The uncertain term $f ((t))$ is corresponding to the lumped disturbance term $τ_{d}$ in equation (2). In this article, adding the additional term $ϕ (s, L))$ in equation (6) and according to the equations (2) and (9), one has $f ((t)) = M {((q))}^{- 1} {\dot{τ}}_{d}$ .

In the practical control system, the uncertain term $f ((t))$ is time-varying and unknown, which is not suitable for controller. As a result, the control law (9) cannot be put into practical control. Therefore, to solve the problem, an adaptive law of the global robust STW is presented next via real-time estimation of the uncertain term $f ((t))$ .

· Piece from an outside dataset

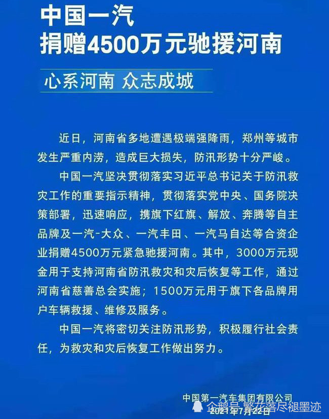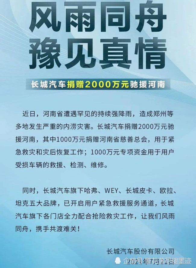 作为国产一哥,吉利汽车捐赠3000万元,其中现金2500万元,其余500万用于购买救援设备支援河南。要知道在去年疫情的时候,吉利捐款金额高达2个亿啊!这样的车企值得点赞!

The sliding variable in the global robust STW meets $s ((0)) = 0$ from the initial instant due to the elimination of the reaching phase. In addition, system states of the SMC in the sliding phase are ideally maintained on the sliding surface and $s = \dot{s} = 0$ is satisfied. Based on this, this article uses the equivalent control strategy, and from the reconstructed STW control law (8), we have

η ((t)) sgn ((s)) |_{e q} = f ((t))

Define ${\bar{u}}_{e q} ((t)) = η ((t)) sgn ((s)) |_{e q}$ , where $sgn ((s)) |_{e q}$ is the equivalent value of the sign function. When equation (10) is satisfied, the system states are maintained on the sliding surface. In other words, ${\bar{u}}_{e q} ((t))$ can be regarded as the equivalent value of the uncertain term $f ((t))$ in the sliding phase of the SMC.

Remark 3

The equivalent value ${\bar{u}}_{e q} ((t))$ is an abstract value and can be estimated in real time via low-pass filtering

{\dot{\bar{u}}}_{e q} ((t)) = \frac{1}{μ} ((η ((t)) sgn ((s)) - {\bar{u}}_{e q} ((t))))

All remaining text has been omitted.